• [Requirement]:
When a picture appears in the listing, leave it out and copy the rest exactly as it stands.

• [Records shown]:
---+---
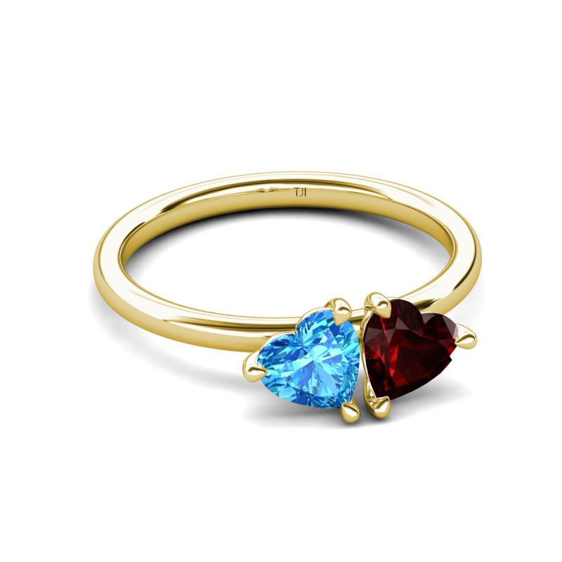 1.95 ctw Heart Shape (6.00 mm) Blue Topaz & Red Garnet with Tiger Claw Prong setting Two Stone Duo Women Engagement Ring in 14K Yellow Gold More Details ...
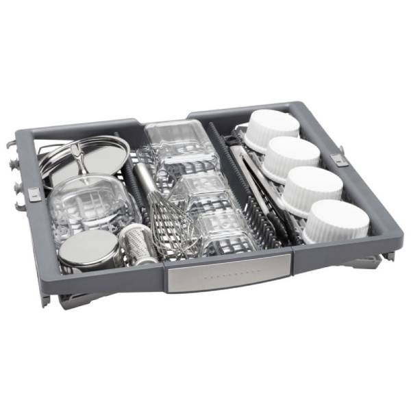 The Bosch 800 Series SHX78CM5N Dishwasher is a 24-inch, fully integrated built-in smart appliance that brings both style and efficiency to your kitchen. With a generous 16-place setting capacity, this dishwasher is ideal for large families or those who entertain frequently. It features a third rack, perfect for knives and flatware, optimizing space and ensuring thorough cleaning.
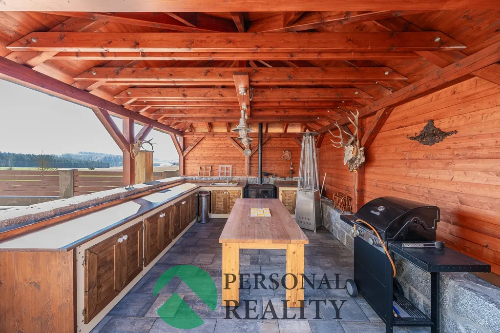 Příslušenstvím domu je krytý bazén o velikosti 4x8 m se slanou vodou, protiproudem a vytápěním, velká krytá letní kuchyně zajistí pohodové zahradní párty a grilování, garáž může sloužit jako dílna a kryté parkovací stání ochrání vozový park před nepřízní počasí.
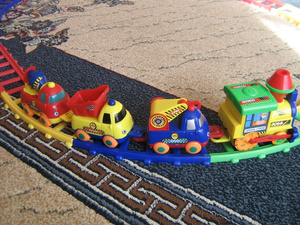 как только вы включаете его паровозик весело заводиться и под веселую песенку едет по сконструированной вами железной дороги.
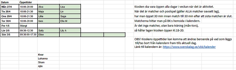 Hej! Är det någon som kan byta kioskpass med mig? Jag kan ta tisdag, onsdag eller torsdag, men kan tyvärr inte lördag eller söndag eftersom jag jobbar då. Jag vore väldigt tacksam om någon kan byta med mig. Tack!
---+---
• [Task answer]:
 1.95 ctw Heart Shape (6.00 mm) Blue Topaz & Red Garnet with Tiger Claw Prong setting Two Stone Duo Women Engagement Ring in 14K Yellow Gold More Details ...
 The Bosch 800 Series SHX78CM5N Dishwasher is a 24-inch, fully integrated built-in smart appliance that brings both style and efficiency to your kitchen. With a generous 16-place setting capacity, this dishwasher is ideal for large families or those who entertain frequently. It features a third rack, perfect for knives and flatware, optimizing space and ensuring thorough cleaning.
 Příslušenstvím domu je krytý bazén o velikosti 4x8 m se slanou vodou, protiproudem a vytápěním, velká krytá letní kuchyně zajistí pohodové zahradní párty a grilování, garáž může sloužit jako dílna a kryté parkovací stání ochrání vozový park před nepřízní počasí.
 как только вы включаете его паровозик весело заводиться и под веселую песенку едет по сконструированной вами железной дороги.
 Hej! Är det någon som kan byta kioskpass med mig? Jag kan ta tisdag, onsdag eller torsdag, men kan tyvärr inte lördag eller söndag eftersom jag jobbar då. Jag vore väldigt tacksam om någon kan byta med mig. Tack!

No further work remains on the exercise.